Segment Start: Given information
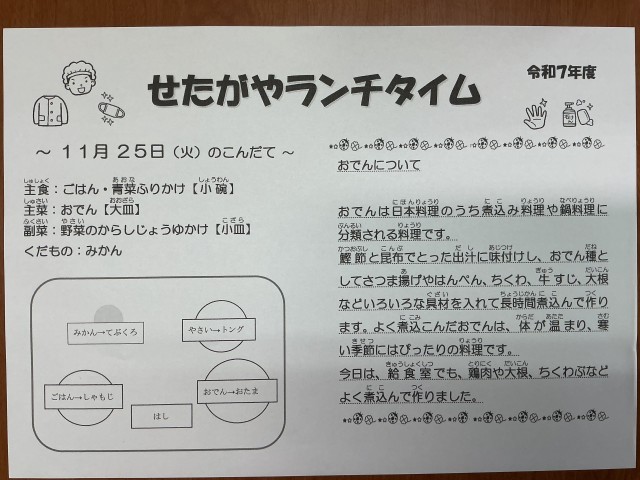 今日の給食は、ごはん、青菜のふりかけ、おでん、野菜のからしじょうゆかけ、みかんでした。6年生の教室では、おでんの具材についてどの具材が好きかという話題で盛り上がっていました。今日は「ちくわぶ」「はんぺん」「餅巾着」が人気の具材でした。
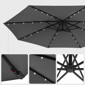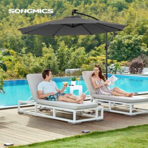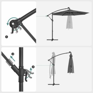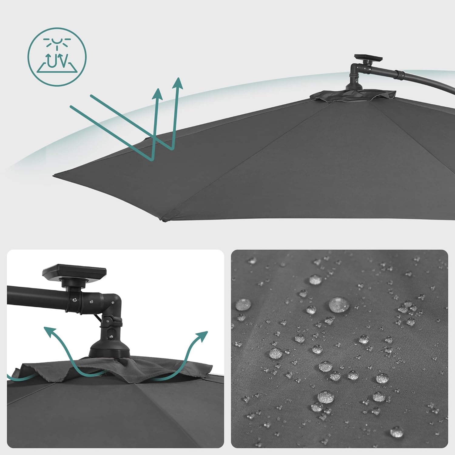 SONGMICS Umbrela de gradina cu brat lateral banana, 300cm, cu iluminare LED solara, gri
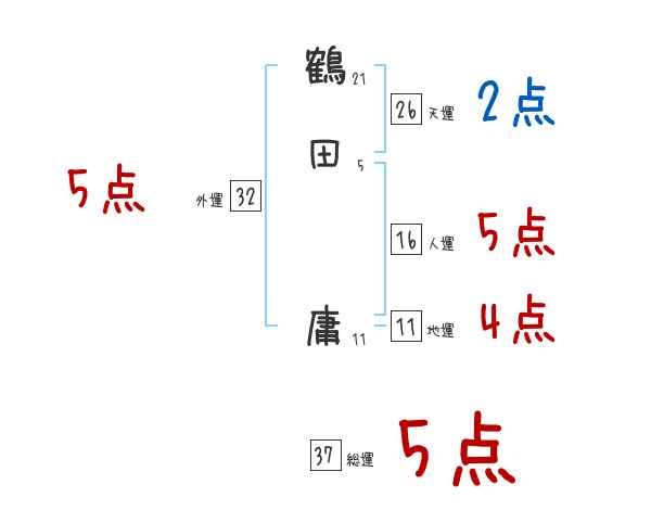鶴田庸さんの画数の鑑定結果
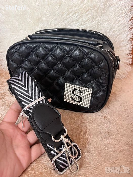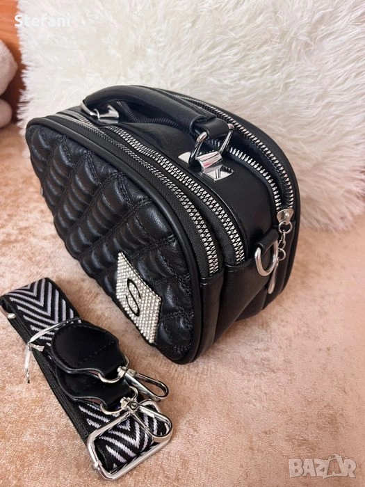 Дамска черна чанта с няколко преградки. Удобна и стилна.
Segment End: Given information
Repeat the material exactly. Any picture in it should be dropped.

 今日の給食は、ごはん、青菜のふりかけ、おでん、野菜のからしじょうゆかけ、みかんでした。6年生の教室では、おでんの具材についてどの具材が好きかという話題で盛り上がっていました。今日は「ちくわぶ」「はんぺん」「餅巾着」が人気の具材でした。
 SONGMICS Umbrela de gradina cu brat lateral banana, 300cm, cu iluminare LED solara, gri
鶴田庸さんの画数の鑑定結果
 Дамска черна чанта с няколко преградки. Удобна и стилна.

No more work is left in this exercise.